The sites were bad enough. The idea that perhaps her father visited or even followed the sites made Bex’s stomach turn.
“Okay…” she said slowly.
“There are forums where”—Schuster grimaced—“fans can get together and talk, like chat rooms. We think your father might frequent one or more of the chat rooms under an alias.”
“So what do you want me to do?”
“I think that if you post to one of the sites, your father might respond.”
She crossed her arms in front of her chest, doing her best to smother her nerves with anger. “You think he might respond? You want me to cyber hang out with a bunch of serial-killer groupies in case my dad decides to drop in? No”—she shook her head—“I’m not going to do that.”
“You wouldn’t be ‘hanging out’ with them per se.”
“Well, whatever you call it, the answer is still no. How am I supposed to do that anyway? Why would he talk to me? Let me guess… You want me to use the screen name ‘Hey, Dad, it’s me?’”
Detective Schuster stared at Bex, his lips pressed together in a hard, thin line. “I think you should go public with your identity.”
Nineteen
Someone hit Bex in the chest with a sledgehammer. That was what must have happened; that was why Bex’s lungs felt as if they had collapsed. That was why her heart was struggling to beat.
“You want me to do what?”
“If you come out with who you really are and publicly announce that you’d like to talk to your father, to get to know him, I think that would draw him out.”

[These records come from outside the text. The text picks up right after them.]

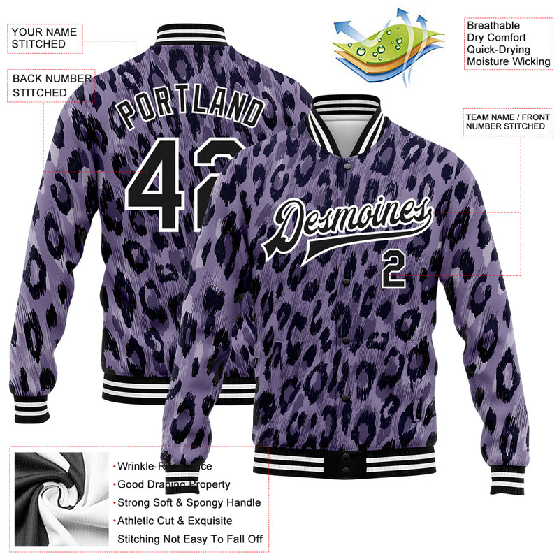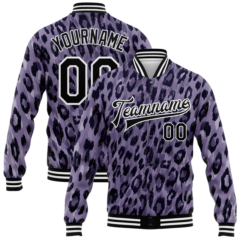 Custom Purple Black-White Leopard Print 3D Pattern Design Bomber Full-Snap Varsity Letterman Jacket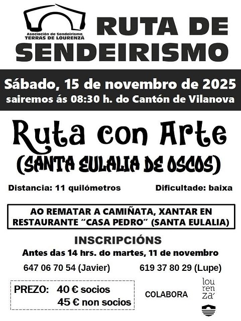 A Asociación de Sendeirismo Terras de Lourenzá organiza un percorrido pola Ruta con arte, no municipio asturiano de Santa Eulalia de Oscos, para o día 15 de novembro, sábado. A distancia a percorrer son 11 quilómetros e a dificultade é baixa. Ao rematar a camiñada os participantes xantarán nun restaurante.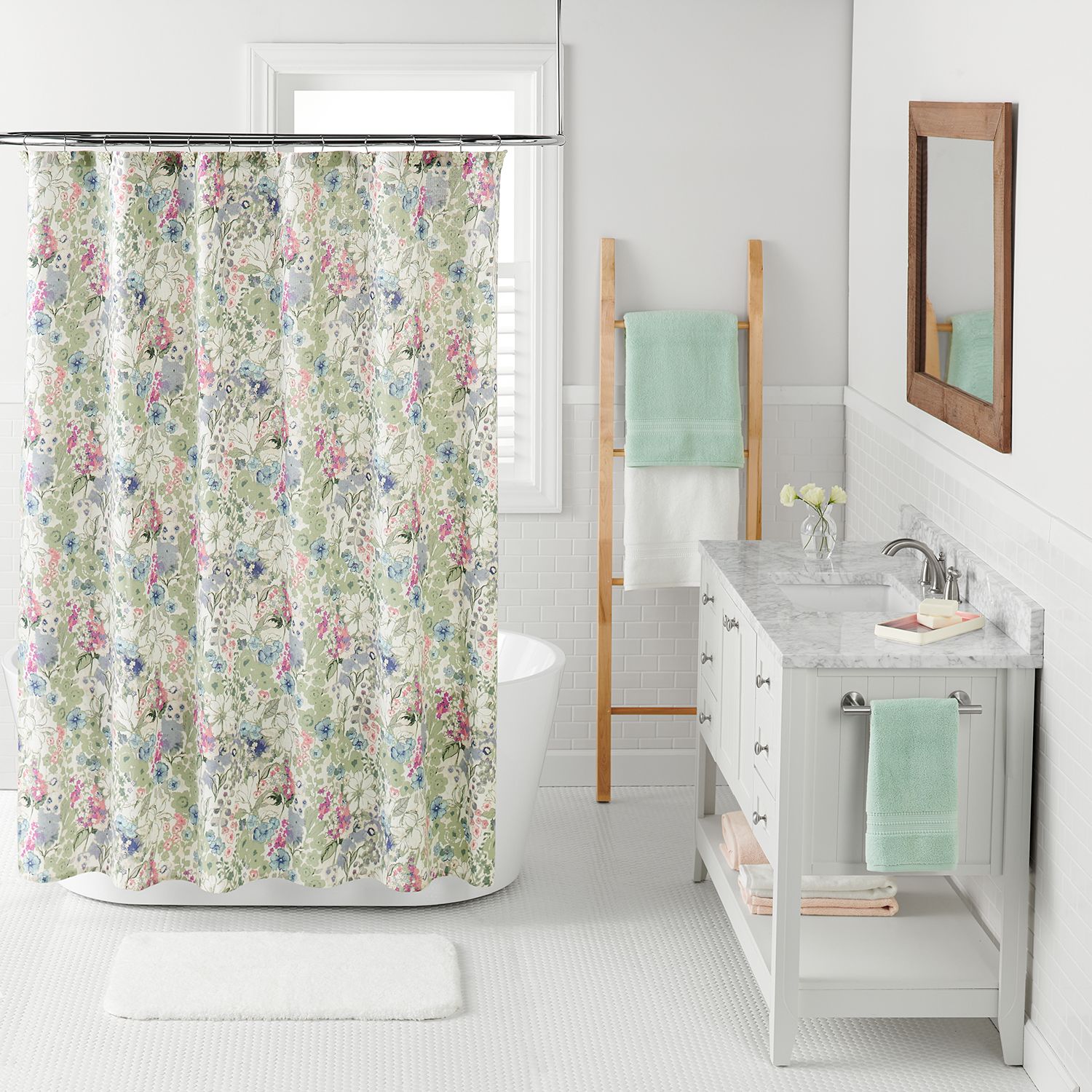One Home Brand Farmhouse Block Floral Print Shower Curtain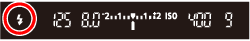 > 按鈕拍攝閃光相片。閃光燈回電時,觀景器中會顯示「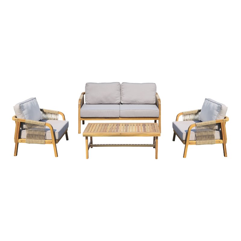 - Σκελετός κατασκευασμένος από μασίφ ξύλο ακακίας που συνδυάζεται αρμονικά με πλέξη από σχοινί PP, προσφέροντας στιλ και αντοχή σε φυσικό χρώμα.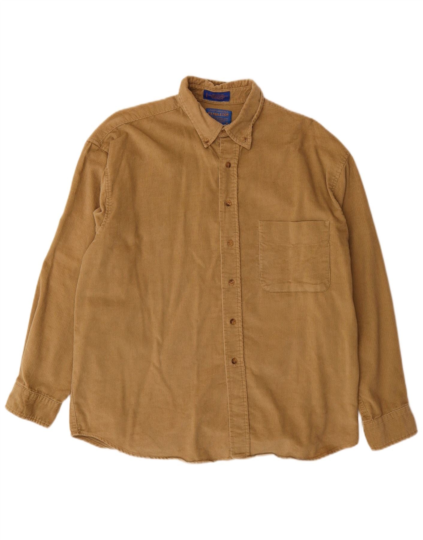 - AI Description: This Pendleton mens corduroy shirt is crafted from 100 percent cotton, offering a soft, textured feel. The rich brown hue adds classic warmth. It features a collared neckline and a full button-up front for a traditional look. Long sleeves and a regular fit ensure comfortable wear. Practical pockets complete the design, blending style with utility.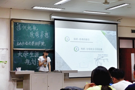此次大学生涯规划交流会旨在给同学们提供一个学习和交流的平台,让同学们对于自己未来的选择有一个清晰的认识,进一步了解、学习有关考公务员、考研、转专业的知识与经验,激励大家正确规划自己的大学生活,以梦为马,不负韶华!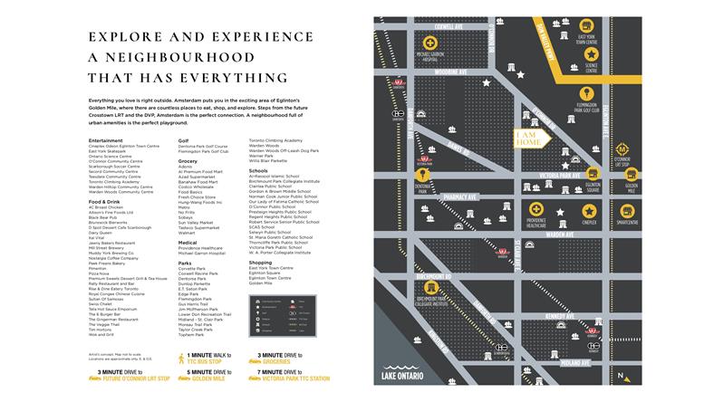 项目名称:Amsterdam Urban Towns 交叉路口:O'Connor Dr & St. Clair Ave E 面积:990 sq. ft. to 1,825 sq. ft. 价格:70余万起 户型单位:Upper Level 高层套房,设有宽敞的屋顶花园, Lower Level 舒适套房,设有私人户外露台 开发商:RISE Developments 交房时间:2022春季 项目共计52套住宅单位,均为四层建筑,实用两居室/传统三居室,室内面积从990 sq. ft. to 1,825 sq. ft.,52个地下第车位和专为访客者专设了9个车位。优美的社区空间,配搭适当的绿化设计成就东约克最独树一帜的景色。Amsterdam Urban Towns 具备先天性自然环境优势,三个公园环绕,环境优美宁静, 高尔夫俱乐部近在咫尺。步行距离可到达超大型购物广场EGLINTON SQUARE,驱车轻松前往安省最小资购物中心SHOPS AT DON MILLS,为你带来一系列高尚的购物餐饮体验、特色酒吧、超市购物的便利。 地理位置: Amsterdam Urban Towns 地理位置优异,去往多伦多各个角落都十分方便。距离5KM DVP高速公路,未来开通新的CROSSTOWN LTR,步行可至SLOANE或O'CONNOR车站,直通Yonge和Eglinton,这便是他人眼中羡慕嫉妒的黄金屋。 东约克成熟社区,Eglinton以北,Victroia Park以西。自然环境极佳,优美大隐于市。邻近高尔夫俱乐部。高端社区形象拔地而起。同时项目临近购物中心,大型超市,电影院,餐饮,银行,公园,社区中心等等,生活配套便利:walmart、costco、宜家、购物广场均6分钟内距离 。 毗邻future Eglinton Crosstown LRT 3分钟车程可达Eglinton Square购物中心 4分钟车程可达Metro/Walmart/Home Depot 6分钟车程可达Costco 6分钟车程可达Eglinton市中心 6分钟车程可达Warden地铁站 15分钟便可到达多伦多市中心 项目特色: 三个社区公园Warner Park, Topham Park and Edge Park 高尔夫爱好者的首选,弗莱明顿公园高尔夫俱乐部尽在咫尺 Amsterdam Urban Towns项目外观设计前卫且现代,让您住得赏心悦目 Amsterdam Urban Towns室内大面积采用落地玻璃设计,最大程度保证采光 现代都市联排 简约前卫: Amsterdam Urban Towns项目外观设计采用灰色调和简约的浅色系赋予精致时尚的现代观感,外观上采用集砖石,高档木制和混凝砖为一体的混合方案,前卫且现代。套房室内设计,简约考究。外观为四层高阶梯式递进,为户外设施提供了很大的空间,象征欣欣向荣节节攀高。同时,设计师大面积采用落地玻璃设计,最大程度让阳光倾泻进来,通透敞亮。公寓的私人露台以及外部景观相结合,使公寓整体上给人一种错落的别致。 开发商: RISE Developments是GTA中业界瞩目的明日之心。他们是专门的房屋建筑商,致力于为您和您的家人创造最好的房屋,并在在设计和建造豪华住宅方面树立了良好的声誉。 RISE以重质、设计独特而出名。这意味着他们注重建设新生房屋的每个细节,每个阶段在设计和执行时都精工操作,无论是厨房,客厅,卫生间,卧室,考究的空间,保暖高端的用料,精致的装修,都会在您入住的那一刻,展现。 付款方式: 本地买家:签约付$5,000;30天付5%;90天付2.5%;180天付2.5%;270天付2.5%;360天付2.5%;入住时付5%(共20%) 非本地买家:签约付$5,000;30天付5%;90天付10%;180天付10%;365天付5%;入住时付5%(共35%) 管理费:$283/月 价格含了车位以及LOCKER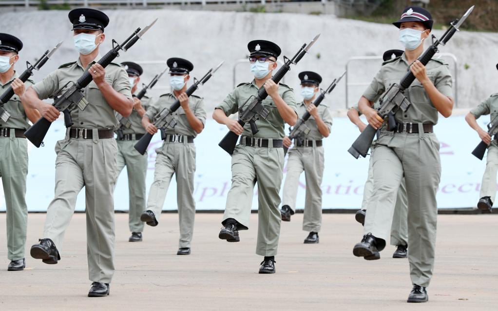 在香港警察學院,香港警察儀仗隊在進行中式步操訓練(資料圖片)。新華社記者李鋼攝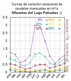 Curvas de variación estacional de la entrada de caudales al lago Peñuelas.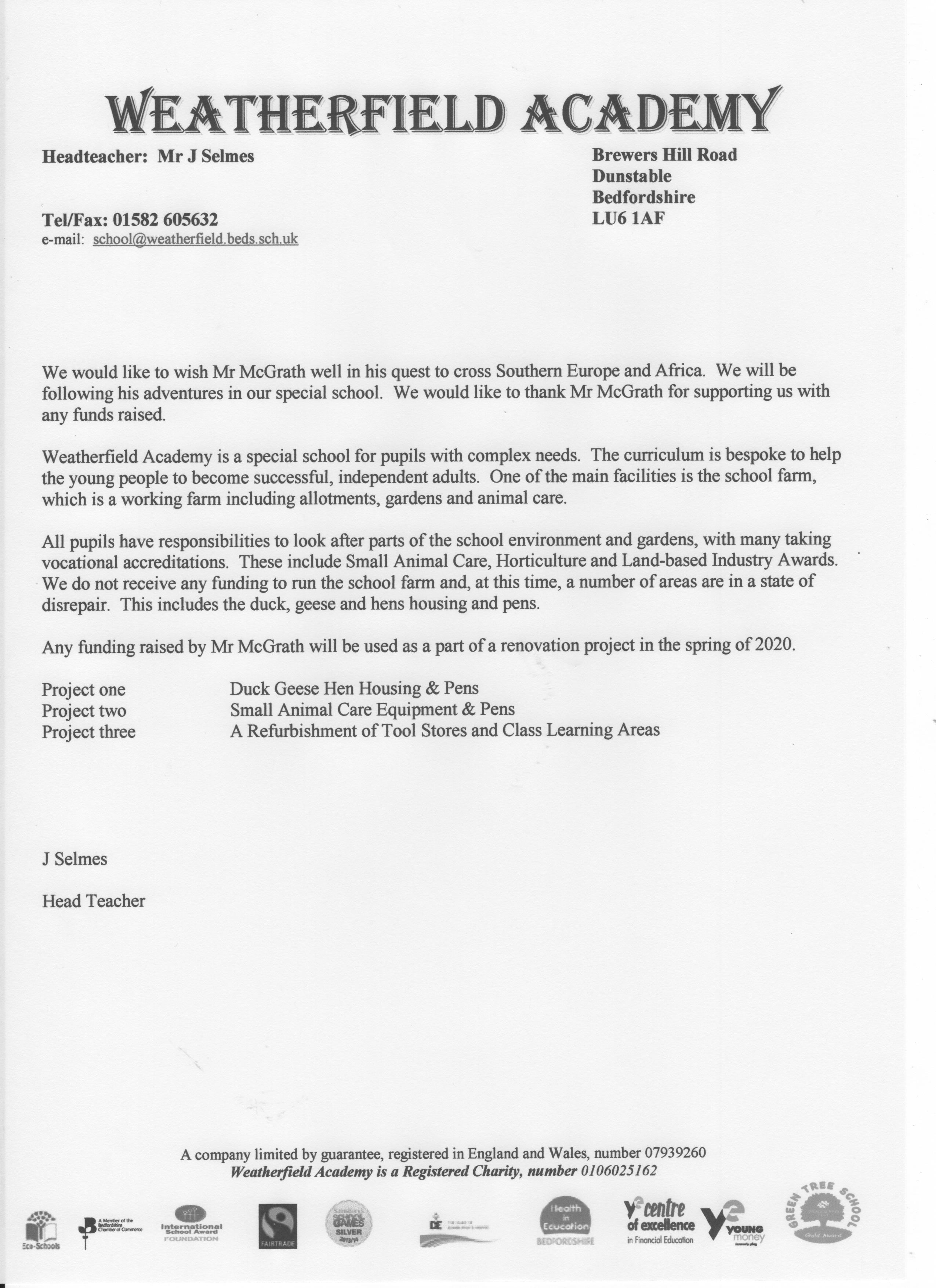 All money raised will go to Weatherfield Academy (see letter below), which is a special school attended by Jonathan's Son Alfie. All travel costs are being covered by Kenny and Jonathan. Should Kenny get kidnapped, no sponsor money will be used for his release - they can keep him!!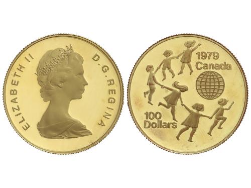 CANADÁ. 100 Dollars. 1979. ELIZABETH II. 16,91 grs. AU (917). Año del Niño. En estuche original con certificado. (Infimas rayitas). Fr-10; KM-126. PROOF.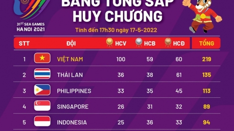 (VOVWORLD) -越南体育代表团以105枚金牌仍保持奖牌榜第一的位置。排名第二的是泰国,获得43枚金牌。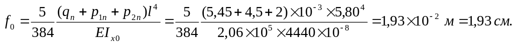 Визначаємо прогин балки від дії експлуатаційних навантажень: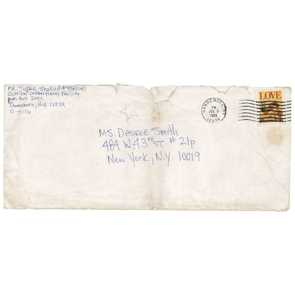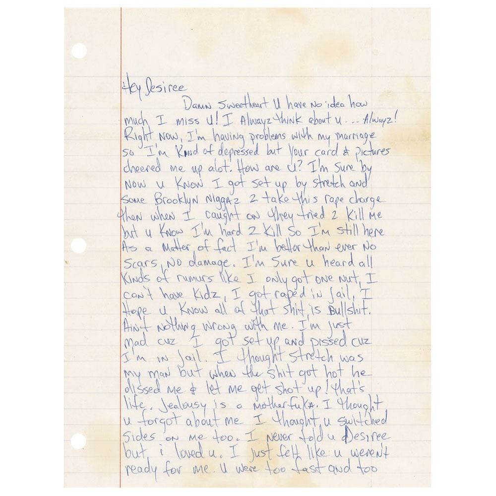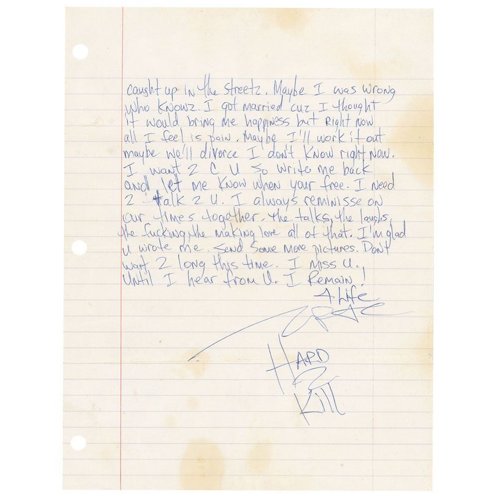 Rare ALS signed “2Pac, Hard 2 Kill,†two pages, 8 x 10.5, postmarked July 5, 1995, addressed to his friend “Ms. Desiree Smith,†written while incarcerated in the Clinton Correctional Facility in New York. The handwritten letter, in full: “Damn sweetheart u have no idea how much I miss u! I alwayz think about u…Alwayz! Right now, I’m having problems with my marriage so I’m kind of depressed but your card & pictures cheered me up a lot. How are u? I’m sure by now u know I got set up by Stretch and some Brooklyn niggaz 2 take this rape charge then when I caught on they tried 2 kill me but u know I’m hard 2 kill so I’m still here, as a matter of fact I’m better than ever no scars, no damage. I’m sure u heard all kinds of rumurs like I only got one nut, I can’t have kidz, I got raped in jail, I hope u know all of that shit is bullshit. Ain’t nothing wrong with me. I’m just mad cuz I got set up and pissed cuz I’m in jail. I thought Stretch was my man but when the shit got hot he dissed me & let me get shot up! That’s life. Jealousy is a motherfuka. I thought u forgot about me I thought u switched sides on me too. I never told u Desiree but I loved u. I just felt like u weren’t ready for me. U were too fast and too caught up in the streetz. Maybe I was wrong who knowz. I got married cuz I thought it would bring me happiness but right now all I feel is pain. Maybe I’ll work it out maybe we’ll divorce I don’t know right now. I want 2 c u so write me back and let me know when your free. I need 2 talk 2 u. I always reminisse on our times together, the talks, the laughs, the fucking, the making love all of that. I’m glad u wrote me. Send some more pictures. Don’t wait 2 long this time. I miss u. Until I hear from u. I remain! 4 life. 2Pac. Hard 2 kill.†In very good to fine condition, with creasing and light staining. Accompanied by the original mailing envelope addressed in Shakur's hand, incorporating his full name, "Tupac Shakur," in the return address area.

Bex’s body started to shake. She gritted her teeth to avoid the clack-clack-clack of them banging together. Detective Schuster wanted her to make contact with her father. Ridiculous visions of the two of them relaxing at the kitchen table, sipping tea, flashed through her mind, only to be crashed by the thought of her father looming huge and turning into a monster, his hands morphing into talons that closed around her throat.